The day passed in excruciating baby steps. By the time darkness fell, Irene had visited practically every floor in the hospital, never once escaping the sight of glittering snowflakes.
Finally cleared to begin her first two-day chemo dose the following morning, Irene walked across the dark street and broke down crying in the back corner of a MetroStop Bakery over a bowl of scalded corn chowder. None of the servers seemed to find this odd. She looked down at the mascara smudges she’d left on the edge of the paper tablecloth. She’d expected to get a bit farther than this. She hadn’t even seen a single needle, scalpel, or IV! To quiver in the face of medieval instruments seemed reasonable; to be undone by grainy Xeroxes did not. At eight a.m., she was to report to the twelfth floor for chemotherapy, which would take a few hours to be infused through a vein in her arm.
Irene waited for the mascara stains to dry a little. Then she carefully tore a perimeter of paper around them and slipped the scrap into her purse, not yet sure how or if she’d use it in some new piece she’d been constructing late at night in her apartment.
While her fingers were in her purse, they pulled out her phone, even as she forbade them to do it. Everyone’s gone for the holidays, she reminded them. Still, they thumbed through her contacts. Sara was at George’s parents’ place in Ohio for Christmas. Jacob was in Tampa, or as he called it, “the land of decrepitude,” with his mother and father for the final few days of Hanukah. She hadn’t wanted to ruin anyone’s holidays, so she hadn’t told any of them about her diagnosis yet.

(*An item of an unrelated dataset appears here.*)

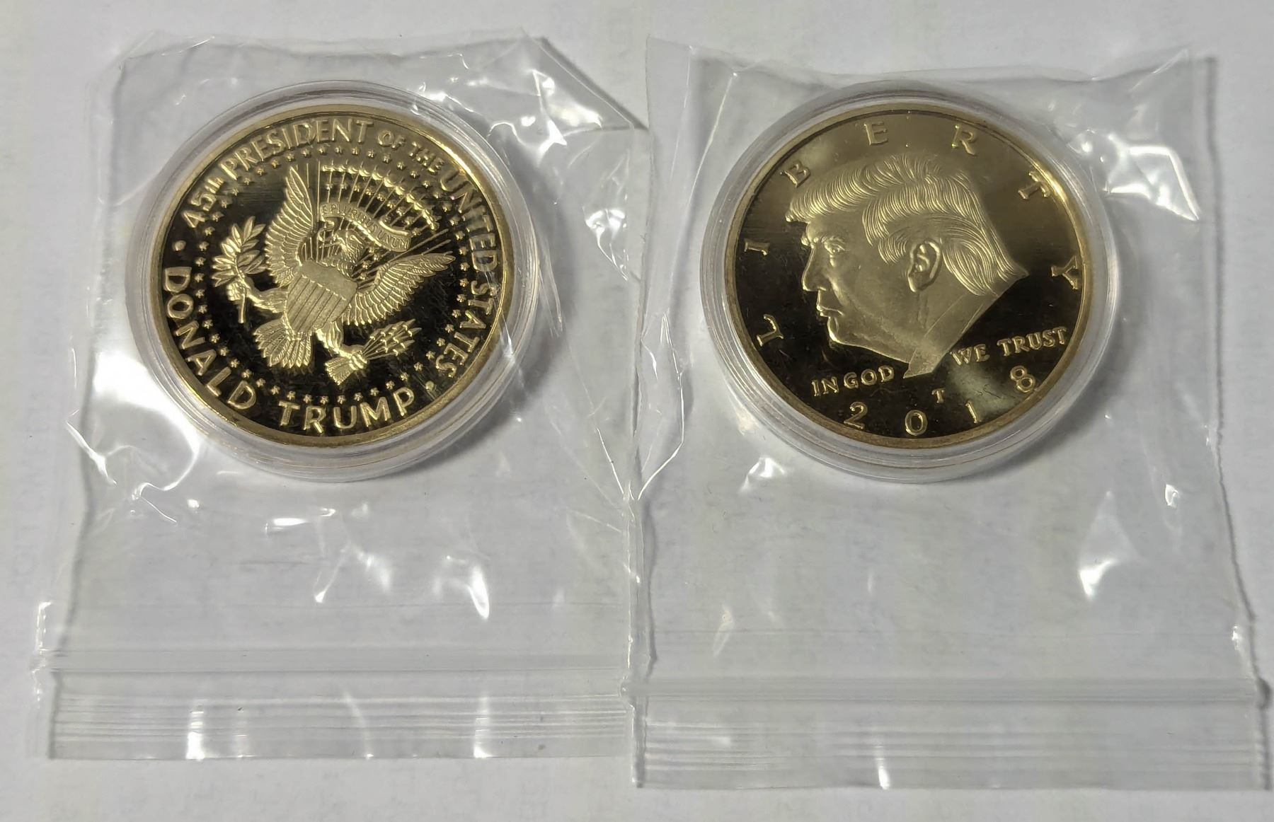 2 TRUMP PRESIDENTIAL COINS IN CASES TOGETHER

The only person who knew was William Cho. Irene studied his picture. Her phone had downloaded it on its own, from where she didn’t know. Dressed in a black suit and black tie, William looked somewhat startled against a blue Sears background. She wished she knew how to change it; this puzzled man was nothing like the delicate and curious boy she’d spent the night with a few days ago. The more she looked at this un-William, the more she wanted to see the real one again. She had bought him that Dylan scarf, but it was still back in her apartment. They hadn’t spoken since the last time she’d sat in this same café right after the diagnosis.
He would probably still be in the city; his parents lived in Queens. She tapped the star key every so often to keep the screen from going dark and taking him away.
• • •
867 Video was dead, and from the owner’s stares, William got the distinct impression that he was the sole reason the store hadn’t closed up yet. Perhaps William was keeping it open in a larger sense as well, for the trend among his coworkers was to have DVDs — no, Blu-rays now — conveniently delivered to their doors, or better yet, streamed to their TVs. “How do you have time to go to a store?” they asked him at work, when they saw his rentals sitting on his desk waiting to be brought back. “Didn’t they all close?”